United States Securities and Exchange Commission

Division of Corporation Finance

Mail Stop 4561

100 F Street, N.E.

Washington, D.C. 20549

Attention:    Mara Ransom
   Katherine Bagley
Re:   

Phreesia, Inc.

Victor Kats Resignation Letter

Dear Ms. Ransom and Ms. Bagley:

On behalf of Phreesia, Inc. (the “Company”), we submit the enclosed resignation letter (the “Resignation Letter”) of Victor Kats, a member of the board of directors (the “Board”) of the Company. The Resignation Letter was previously delivered to the Company to inform it that Mr. Kats will automatically resign as a member of the Board effective as of immediately prior to, and contingent upon, the effectiveness of the Company’s registration statement on Form S-1, and that Mr. Kats will not be responsible for any part of such registration statement.

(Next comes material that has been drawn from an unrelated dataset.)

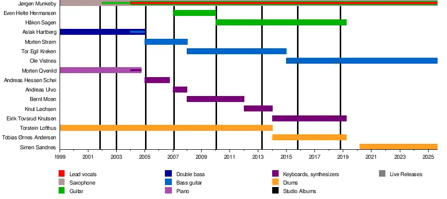 - Jørgen Munkeby – saxophone (1999–present), flute, clarinet (1999–2007), guitar (2002–present), vocals (2004–present)

This letter is being furnished to the staff of the Division of Corporation Finance (the “Staff”) of the U.S. Securities and Exchange Commission in accordance with Section 11(b)(1) of the Securities Act of 1933, as amended, to notify the Staff that Mr. Kats will not be responsible for the contents of the Company’s registration statement on Form S-1 (File No. 333-232264), including any amendments thereto.

If you should have any questions regarding these matters, please contact the undersigned at (212) 813–8853.

Sincerely,

/s/ Edwin M. O’Connor

Edwin M. O’Connor, Esq.

 

cc:

Chaim Indig, Phreesia, Inc.

Thomas Altier, Phreesia, Inc.

Charles Kallenbach, Phreesia, Inc.

John J. Egan, Goodwin Procter LLP

Andrew R. Pusar, Goodwin Procter LLP


June 30, 2019

Board of Directors

Phreesia, Inc.

432 Park Avenue South

12th Floor

New York, NY 10016

Re: Director Resignation

Ladies and Gentlemen:

I, Victor Kats, write to inform you that I hereby automatically resign from the board of directors (the “Board”) of Phreesia, Inc., a Delaware corporation (the “Company”), and all committees of the Board, effective as of immediately prior to, and contingent upon, the effectiveness of the Company’s registration statement on Form S-1 in connection with the Company’s initial public offering, and that I will not be responsible for any part of such registration statement.